Follow-up — the live execution, run 2026-06-09. The deferred deliberate-spend tail (a, above) was run for real against live stores, closing it. Candidate: closing-citation-audit (the supplementary skill B3 reflect had proposed) vs the always-on entity-workup base; -n 2, graph-only Halberd. 4 real workups, $2.60, all exit 0. Outcomes, all honest: (1) the invocation gate works live — the staged candidate fired in 1 of 2 candidate trials (model-driven invocation variance) and its Skill ToolUseBlock was recorded off the live message stream (skills_invoked: ['closing-citation-audit', 'entity-workup']), so observed=True. This is the live confirmation of both formerly-deferred validation items at once: the streamed Skill block appears live and the skill input key (pinned to the primary source the same day — the live stream's key was extracted correctly, the plugin: namespace stripped to the bare name). (2) Verdict NEUTRAL (repairs 0 / regressions 0): both arms saturate the fixture (all runs grounded, recall/trajectory/coverage = 1.0), so there is no delta — the SkillTester ~78% no-effect majority, not a failure, and compare correctly distinguished it from abstain (which is reserved for the skill never firing). A skill that only audits citations cannot improve an already-100%-cited baseline; the candidate arm did do more retrieval (15–17 graph calls vs 13) but it did not move the scored outcome. (3) Propose-only held — not applied (no clean net gain). (4) Prompt caching live (cache_read_input_tokens 250K–690K/run vs ~100 uncached). Small-N (<3/side) was caveated by compare as directional. The candidate skill and run artifacts are gitignored, so only this record persists. Still deferred ©: full counterfactual trace auditing + a significance test over large N.
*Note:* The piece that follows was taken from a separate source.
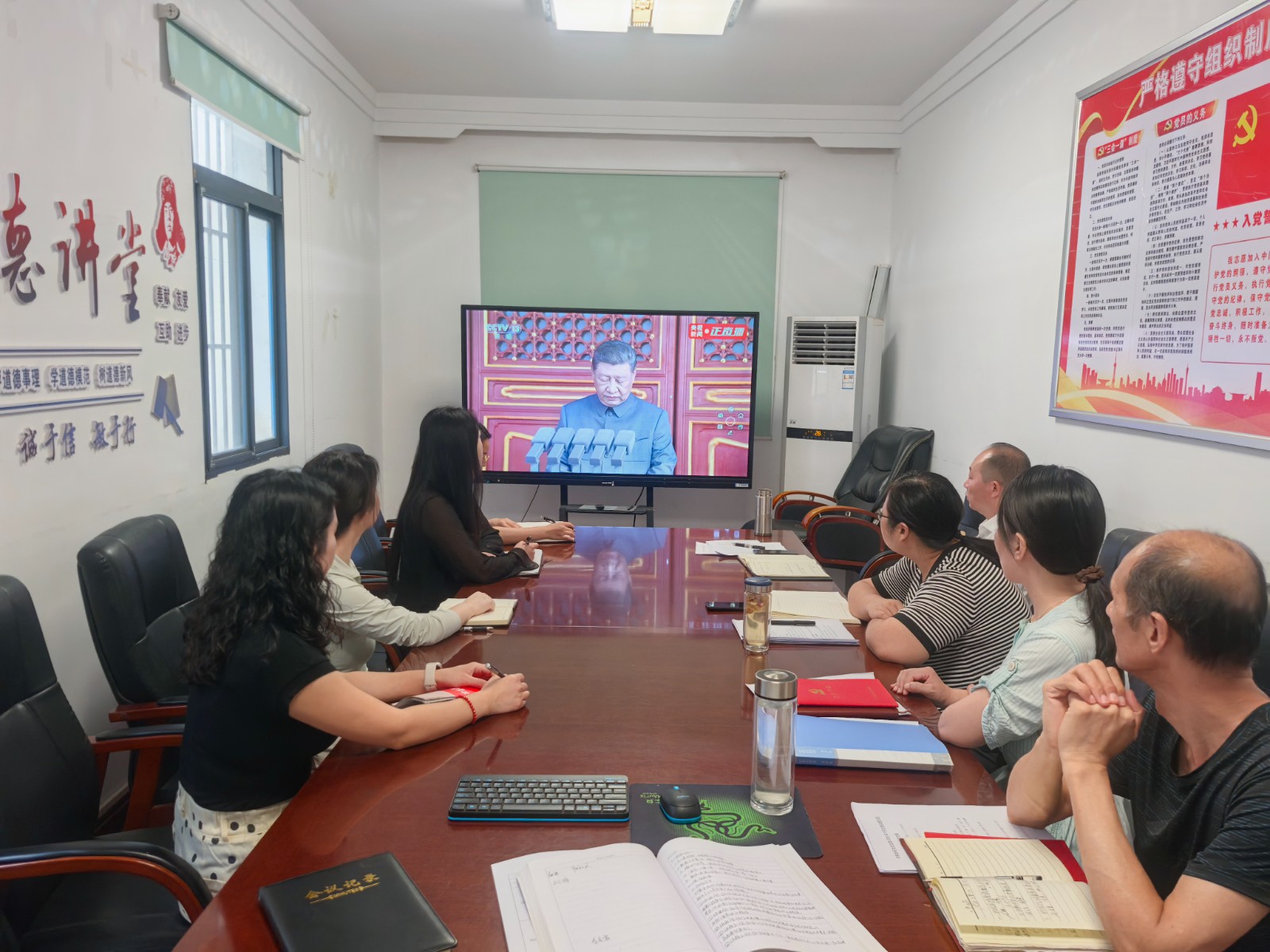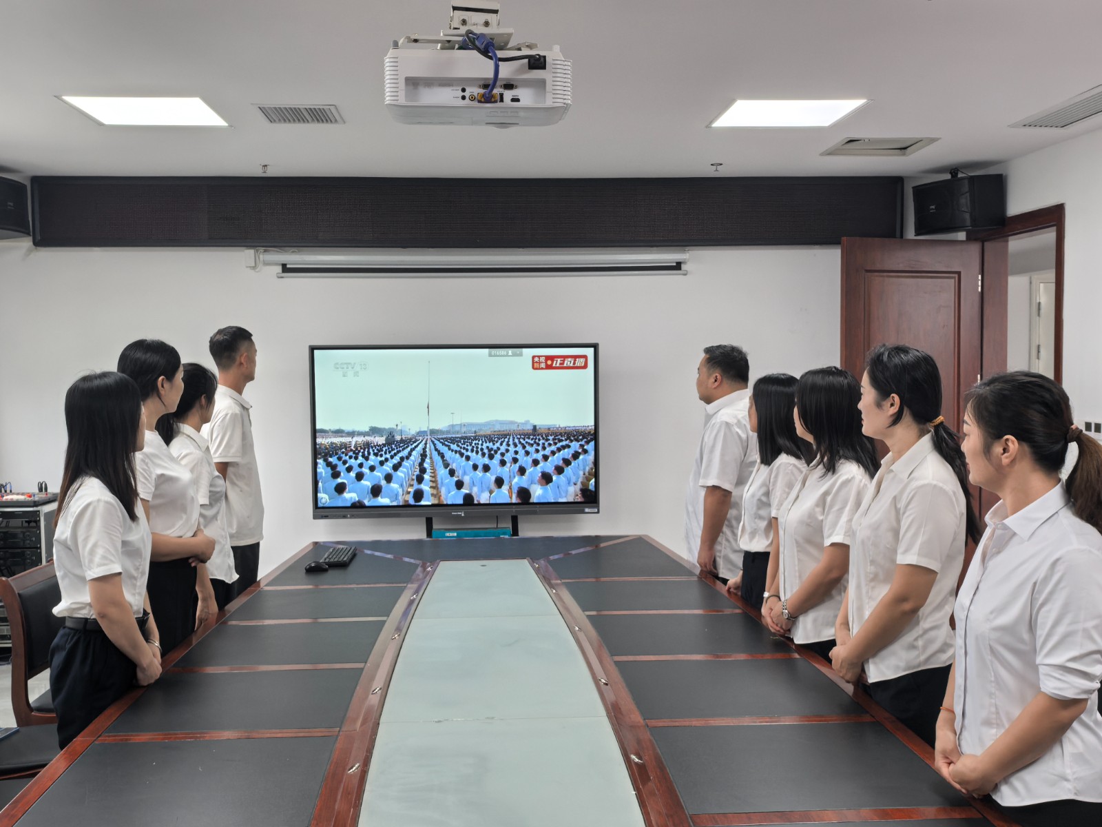 上午9時,全體黨員干部整齊列座,通過電視直播同步觀看閱兵儀式。威武的軍隊方陣、先進的武器裝備、昂揚的士氣風貌,生動展現(xiàn)了國家綜合實力和國防現(xiàn)代化建設(shè)成就。

Sources: Counterfactual Trace Auditing of LLM agent skills — with-skill vs without-skill paired runs, effect visible under saturation/cancellation (arXiv 2605.11946); SkillTester — matched baseline with the skill disabled + an invocation gate against misattributing ambient capability, ~14% help / ~78% no-effect / ~8% harm (arXiv 2603.28815); and ADR-0031's net-effect / same-instance / disclose-the-harness sources, inherited unchanged.